# PROBLEM
Apart from any images, the entries are to be output exactly.

Collected data entries
╭──
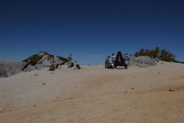 薬師岳山頂は広い砂地で覆われている
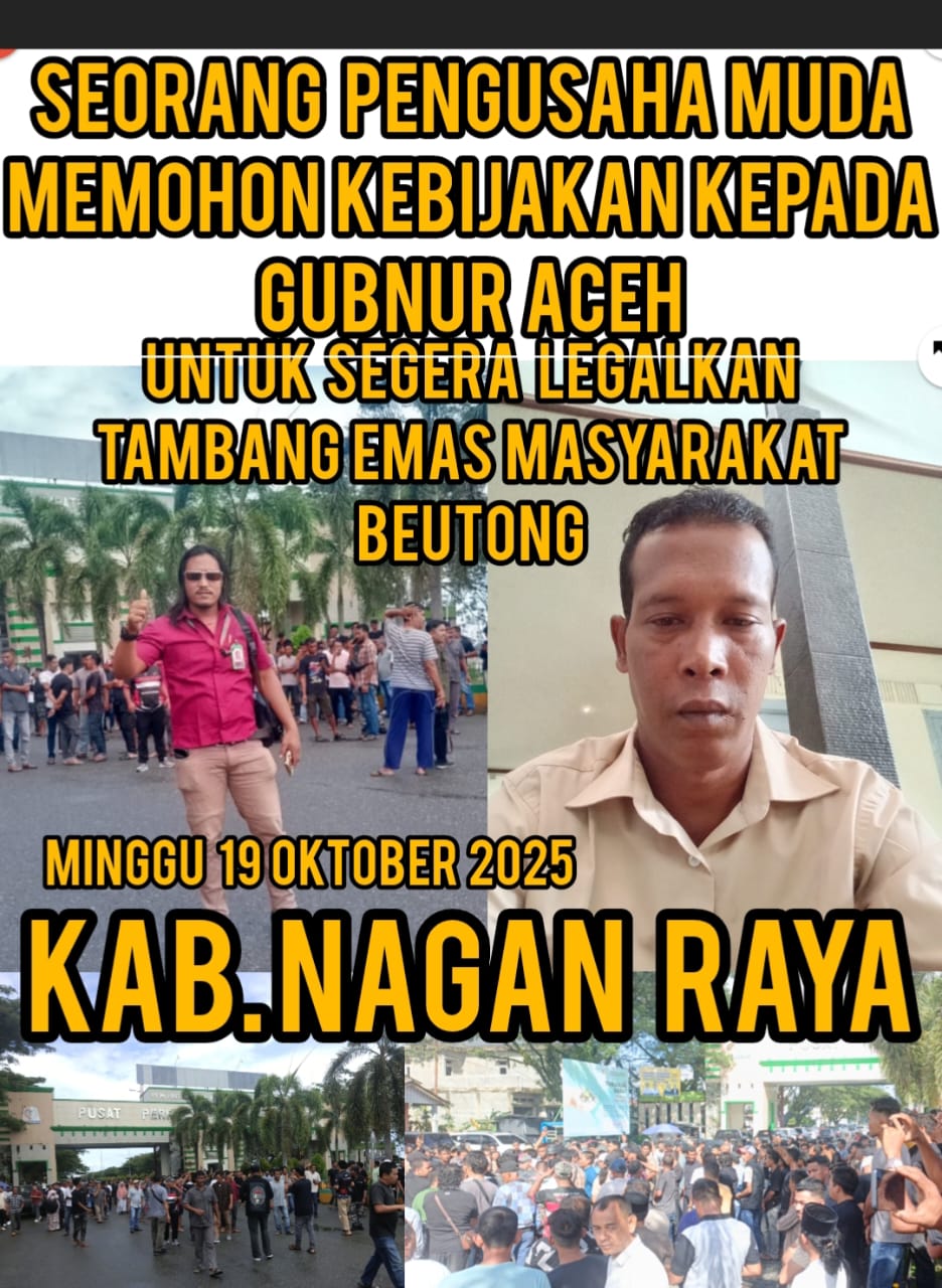 Penajournalis.com Nagan Raya, 19 Oktober 2025 – Suara hati rakyat kecil kembali bergema dari pedalaman Kecamatan Beutong, Kabupaten Nagan Raya. Seorang penambang emas muda mewakili para pekerja tambang tradisional menyampaikan desakan tegas kepada Gubernur Aceh agar segera mengambil langkah nyata dalam melegalkan aktivitas tambang emas rakyat yang selama ini menjadi sumber penghidupan warga.
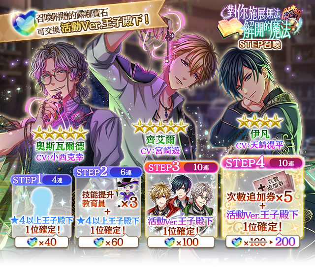 《夢 100》全新覺醒硬幣活動「對你施展無法解開的魔法」正式開放,即日起至 2023 年 8 月 13 日進行活動任務即可獲得 SP 王子「★5 派提爾」、「★4 安魯馬利」與豪華獎勵!另可於抽池內獲得「★5 齊艾爾」、「★5 奧斯瓦爾德」、「★4 伊凡」SP 王子,另開啟 STEP 召喚抽池,達到第 3 階必可遇見活動 Ver. 王子;本次召喚附贈露娜寶石,該寶石達指定數量可至交換所直接兌換活動 Ver. 王子殿下!
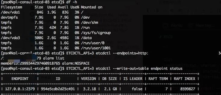似乎磁盘、内存空间都足够的。从官网的信息了解到应该是etcd配额的问题,Etcd v3 的默认的 backend quota 2GB,也就是说etcd默认最大的配额是2GB,如果超过了则无法再写入数据,要么把旧数据删除,要么把数据压缩了。
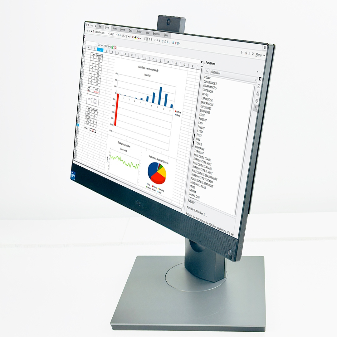 Komputer posiada wysokiej klasy ekran 23.8” o rozdzielczości Full HD (1920x1080), który zapewnia wyraźny, szczegółowy obraz z doskonałym odwzorowaniem kolorów. Matowa matryca minimalizuje odbicia światła, co znacznie poprawia komfort pracy – zwłaszcza w jasnych pomieszczeniach. Zintegrowana kamera internetowa oraz mikrofon umożliwiają wygodne prowadzenie wideokonferencji, naukę zdalną oraz rozmowy online. Dzięki dużemu ekranowi i kompaktowej konstrukcji AiO nie musisz inwestować w dodatkowy monitor – wszystko, czego potrzebujesz, masz już w jednym urządzeniu.
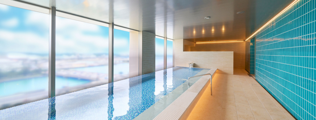 最上階スカイスパでリセット:那覇の空を感じながら広い湯船に浸かれる大浴場は、ユニットバスでは味わえない至福のひとときです。
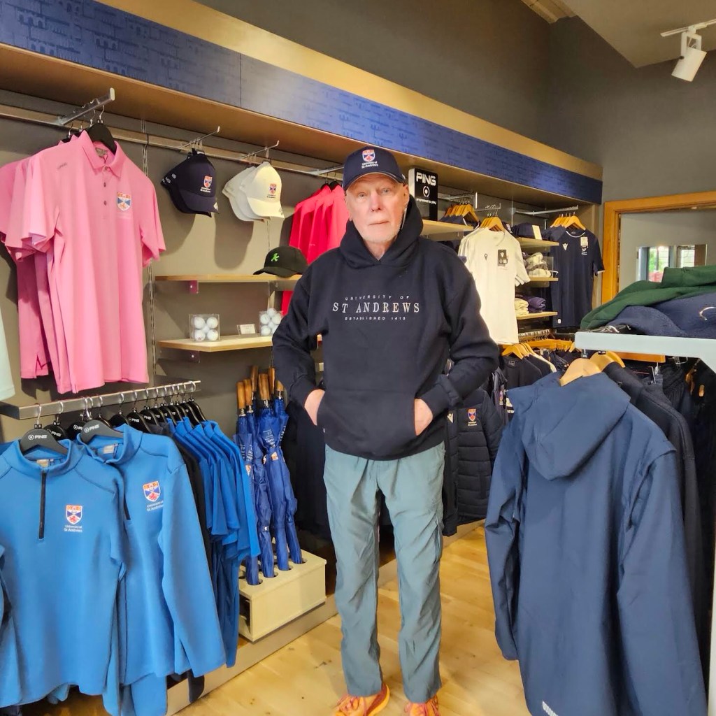 I’ll leave you with this other picture from St. Andrews. It’s Ron at the university book shop, making another purchase. One week in and he’s purchased 3 sweatshirts and 3 hats.
╰──
# ANSWER
 薬師岳山頂は広い砂地で覆われている
 Penajournalis.com Nagan Raya, 19 Oktober 2025 – Suara hati rakyat kecil kembali bergema dari pedalaman Kecamatan Beutong, Kabupaten Nagan Raya. Seorang penambang emas muda mewakili para pekerja tambang tradisional menyampaikan desakan tegas kepada Gubernur Aceh agar segera mengambil langkah nyata dalam melegalkan aktivitas tambang emas rakyat yang selama ini menjadi sumber penghidupan warga.
 《夢 100》全新覺醒硬幣活動「對你施展無法解開的魔法」正式開放,即日起至 2023 年 8 月 13 日進行活動任務即可獲得 SP 王子「★5 派提爾」、「★4 安魯馬利」與豪華獎勵!另可於抽池內獲得「★5 齊艾爾」、「★5 奧斯瓦爾德」、「★4 伊凡」SP 王子,另開啟 STEP 召喚抽池,達到第 3 階必可遇見活動 Ver. 王子;本次召喚附贈露娜寶石,該寶石達指定數量可至交換所直接兌換活動 Ver. 王子殿下!
似乎磁盘、内存空间都足够的。从官网的信息了解到应该是etcd配额的问题,Etcd v3 的默认的 backend quota 2GB,也就是说etcd默认最大的配额是2GB,如果超过了则无法再写入数据,要么把旧数据删除,要么把数据压缩了。
 Komputer posiada wysokiej klasy ekran 23.8” o rozdzielczości Full HD (1920x1080), który zapewnia wyraźny, szczegółowy obraz z doskonałym odwzorowaniem kolorów. Matowa matryca minimalizuje odbicia światła, co znacznie poprawia komfort pracy – zwłaszcza w jasnych pomieszczeniach. Zintegrowana kamera internetowa oraz mikrofon umożliwiają wygodne prowadzenie wideokonferencji, naukę zdalną oraz rozmowy online. Dzięki dużemu ekranowi i kompaktowej konstrukcji AiO nie musisz inwestować w dodatkowy monitor – wszystko, czego potrzebujesz, masz już w jednym urządzeniu.
 最上階スカイスパでリセット:那覇の空を感じながら広い湯船に浸かれる大浴場は、ユニットバスでは味わえない至福のひとときです。
 I’ll leave you with this other picture from St. Andrews. It’s Ron at the university book shop, making another purchase. One week in and he’s purchased 3 sweatshirts and 3 hats.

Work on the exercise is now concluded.